I just provided some background on some hypothetical studies that support the hypothetical scenario. Will now sit back and wait for the attacks on the hypothetical conclusions.

We can only hope.

If it pleases the audience, I’ll add an additional line of evidence. Multiple studies have shown that the expression of Gene X is extremely sensitive to environmental factors, particularly those of early childhood. Mice who carried Gene X and who were subjected to harsh stimuli during the first five days of birth were found to perform only half as well on learning tests as mice without Gene X but who were raised under ideal conditions. But Gene X mice who were raised under ideal conditions performed twice as well as their control counterparts.

There is also strong evidence indicating that these effects can span multiple generations. The offspring of traumatized Gene X carriers also tend to perform worse on tests, even when raised under ideal conditions. All available evidence indicates that it takes at least three generations after the initial trauma for Gene X mice to out-perform non-Gene X mice. The prevailing hypothesis is that the initial trauma triggered epigenetic disabling of Gene X. Follow-up studies will be performed to determine what kinds of trauma are more likely to cause epigenetic effects, and whether these effects (and their generational cascade) can be mitigated.

I’m still working on why wealthy black parents subject their children to such harsh stimuli during the first 5 days of birth compared with poverty stricken white trailer trash. LHoD has some ideas on this, as does iiandyiiii.

And why those black kids still end up being better basketball players and sprinters, even with the harsh treatment…

:wink:

But if these sorts of hypotheses and extrapolations reassure you, I have good news: there is no end of them, ever, and for that reason hope can go on indefinitely that mother nature has provided all groups with the same genetically driven maximum potential.

Emphasis added. I don’t know what that means. Outperform on what or in what way?

Presumably, this particular gene is strongly associated with high performance on this test; people with this gene tended to outperform those without this gene.

But black people buck the trend. More black people than white people have the gene. You’d expect, therefore, that black people would outperform white people on that battery of tests. But they don’t.

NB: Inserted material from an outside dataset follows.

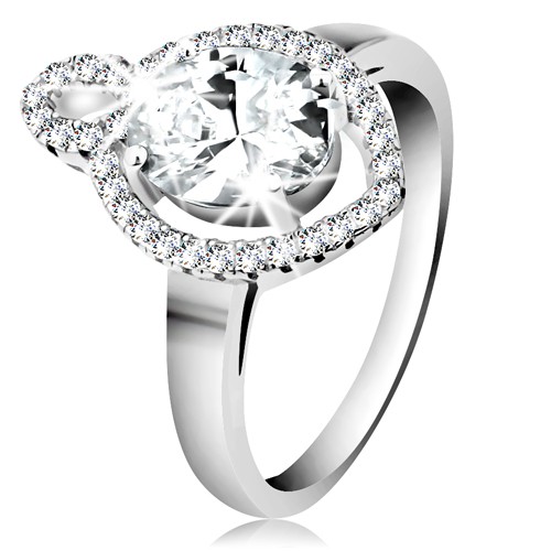 Popis produktu Prsten ze stříbra 925, oválný čirý zirkon s blýskavým lemem, malý obrys zrnka - Velikost: 50

In this hypothetical, our best evidence is that black people tend to be more intelligent than white people due to genetics, but not in achievement on tests. How do you think people would respond to this study?

(How’s that, ywtf? I’m trying to rephrase here, to clarify a few bits that were ambiguous; lemme know if I missed something, please)

You’ll have to cite, unless you’re being sarcastic.

What harsh treatment? If black people of African descent had a genetic advantage for sprinting, then one would expect the best sprinters to come from the place with the most dense and varied African genepool. Is it just coincidence that most of them come from either a tiny island country that just so happens to have a cultural obsession with sprinting, or a huge country with probably the best athletic infrastructure in the world?

If I meet anyone expressing this hope, I’ll let them know about your straw man, oh King of the Hay People.